As the answer, give exactly the lines of the records below from the one with "L’Oréal Paris Elvital" through the one with "A stunning eternity", ends included and pictures left out.

BEGIN DATASET ENTRIES

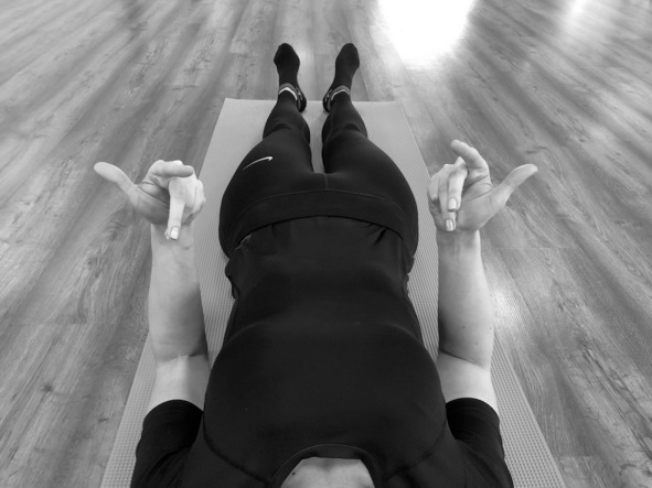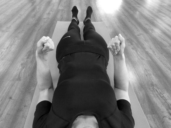 Исходное положение: лёжа на спине, руки приподняты над животом, большой палец правой руки отведён в сторону, ладонь левой руки наложена на большой палец правой руки сверху него.
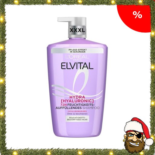 L’Oréal Paris Elvital Hydra Hyaluronic feuchtigkeitsspendendes XXXL Shampoo für glänzendes Haar, Hyaluron Shampoo für einen Feuchtigkeitsboost Pir!ate-Deals & Schutz, langanhaltende Feuchtigkeit und Pflege, 1000ml
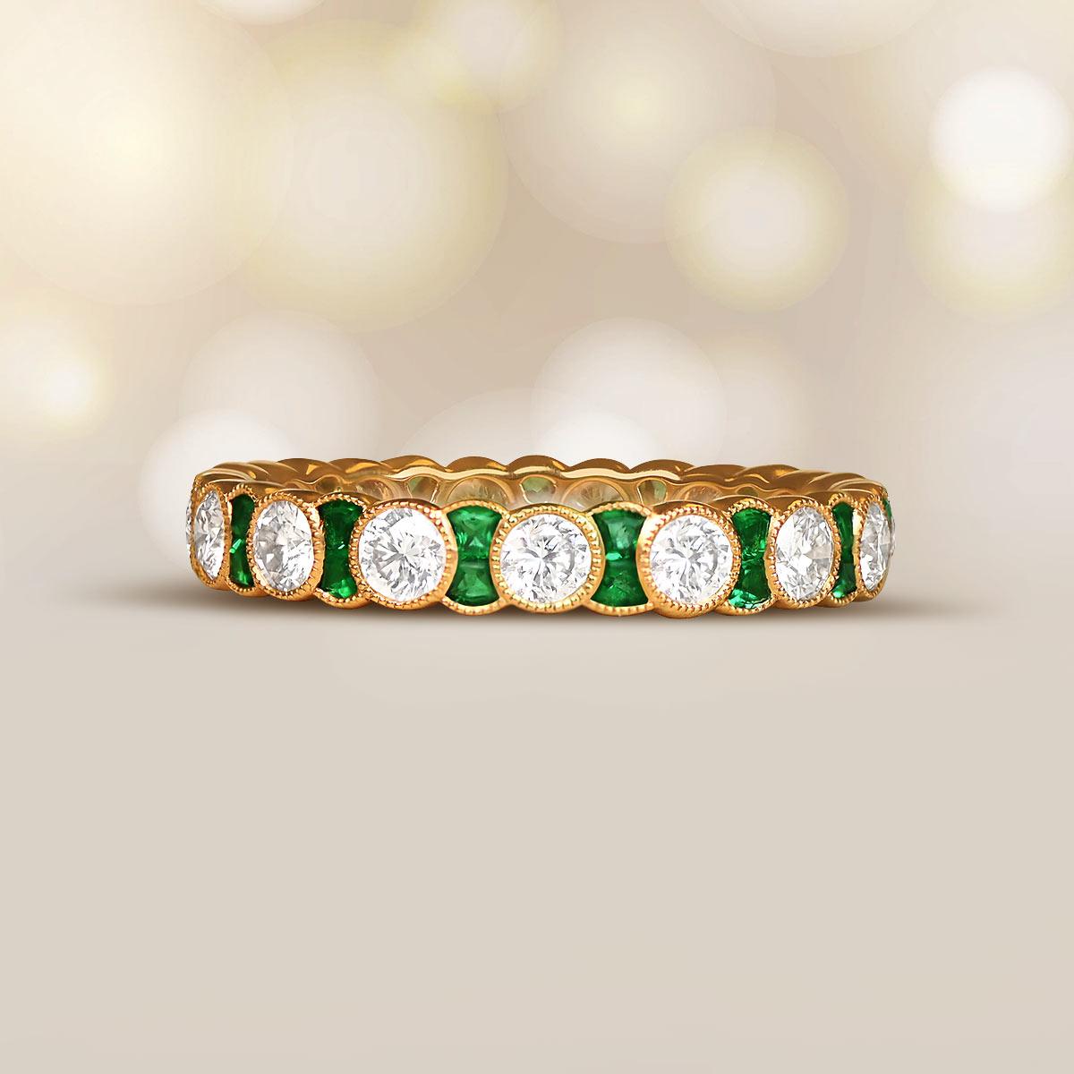 A stunning eternity band featuring round brilliant cut diamonds and calibre green emeralds. This band is handcrafted in 18k yellow gold. The diamonds and green emeralds are bezel set and decorated with fine milgrain.
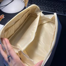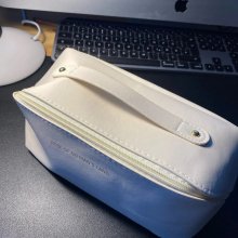 My very first bag from a different company tho it was cheaper didn't have as much strapped compartments as these & was one inch smaller. & tho I enjoyed the quality as far as its standout texture and color option of that other company. However, when I saw that this had a clear pouch where you could see the products, I decided to go with this company. Even though they did not have my beige textured one I really enjoyed, I compromised by ordering the plain beige. Now I travel with my makeup everywhere and I want to be able to have a bag that could take a beating. So I figured that may be going with the texture design because it can hide its noticeably lost of it shape easily 🤞🏽.
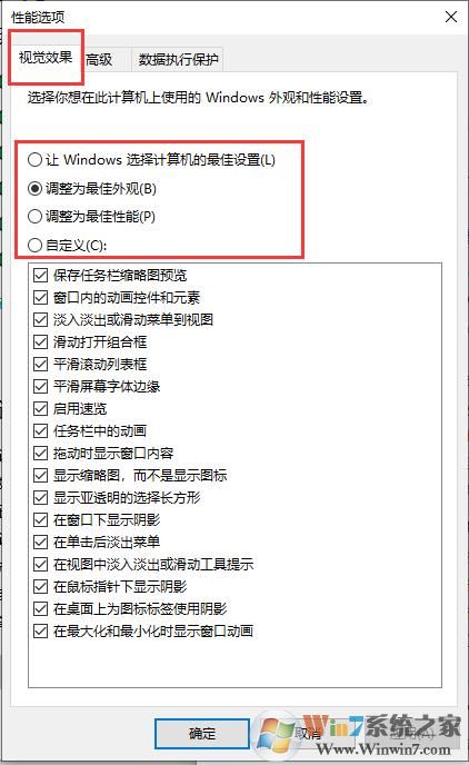 3、点击上一步的设置之后,在弹出的小窗中修改外观配置,可以自定义勾选,也可以使用快捷设置(调整为最佳外观),修改完之后点击应用,电脑有可能会卡一下稍等就好
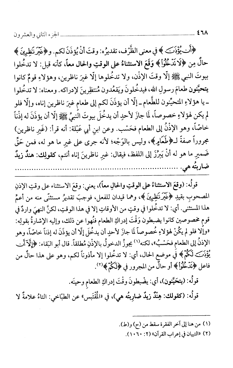 قولُه: (وقعَ الاستثناءُ على الوقتِ والحالِ معًا)، يعني: وقعَ الاستثناء على وقتِ الإذنِ المصحوبِ بقيدِ {غَيْرَ نَاظِرِينَ}، وهما قيدان للفعل، فوجبَ تقديرُ مستثنًى منه من أعمِّ هذا المستثنى. أي: لا تدخُلوا في وقتٍ من الأوقاتِ إلا في هذا الوقتِ، لكنَّ النهيَ واردٌ في قومٍ مخصوصين كانوا يضبطون وَقْتَ إدراكِ الطعام فنُهوا عن ذلك، وإليه الإشارةُ بقولِه: ((وإلا فلو لم يكُنْ لهؤلاءِ خُصوصًا لَما جازَ لأحدٍ أن يدخُلَ إلاّ أن يؤذَنَ له إذنًا خاصًّا، وهو الإذنُ إلى الطعامِ فحَسْبُ))، لكنه يجوزُ الدخولُ بالإذْنِ مُطلقًا. قال أبو البَقاء: {إِلَّا أَن يُؤْذَنَ لَكُمْ} في موضع الحال، أي: لا تدخُلوا إلا مأذونًا لكم، وهو على هذا حالٌ من فاعل {تَدْخُلُوا} أو حالٌ من المجرور في {لَكُمْ}.
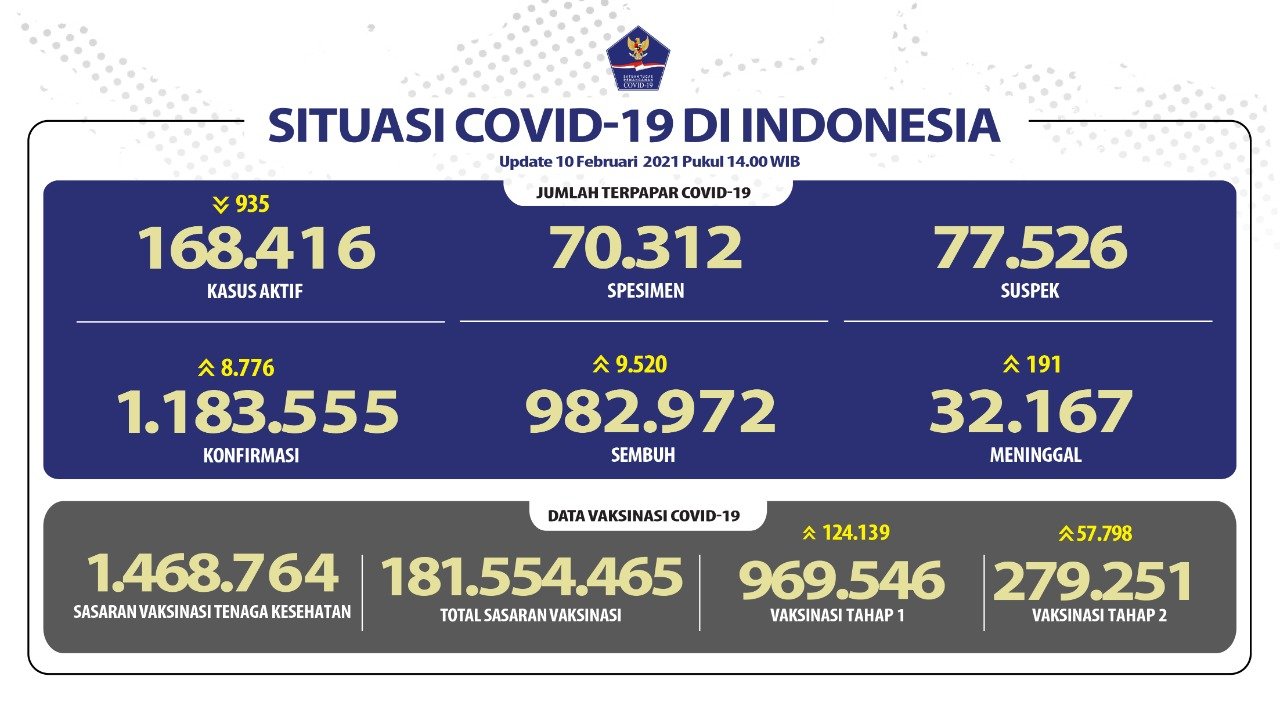 SUARAJABARSATU.COM | JAKARTA – Perkembangan penanganan COVID-19 per 10 Februari 2021, pasien sembuh harian bertambah lagi sebanyak 9.520 orang. Penambahan hari ini meningkatkan jumlah kesembuhan kumulatif mencapai 982.972 orang dengan persentasenya sebesar 83,1%.
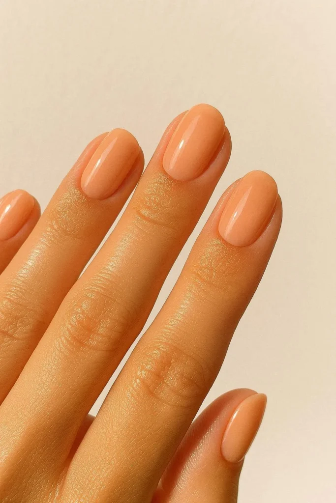 Warm, glowy, and endlessly flattering. Peachy nude tones sit right at the crossroads of soft nail ideas and everyday elegance. They give your hands a sun-kissed warmth that looks gorgeous in every season, especially spring and summer.

END DATASET ENTRIES

**SOLVED EXERCISE:**
 L’Oréal Paris Elvital Hydra Hyaluronic feuchtigkeitsspendendes XXXL Shampoo für glänzendes Haar, Hyaluron Shampoo für einen Feuchtigkeitsboost Pir!ate-Deals & Schutz, langanhaltende Feuchtigkeit und Pflege, 1000ml
 A stunning eternity band featuring round brilliant cut diamonds and calibre green emeralds. This band is handcrafted in 18k yellow gold. The diamonds and green emeralds are bezel set and decorated with fine milgrain.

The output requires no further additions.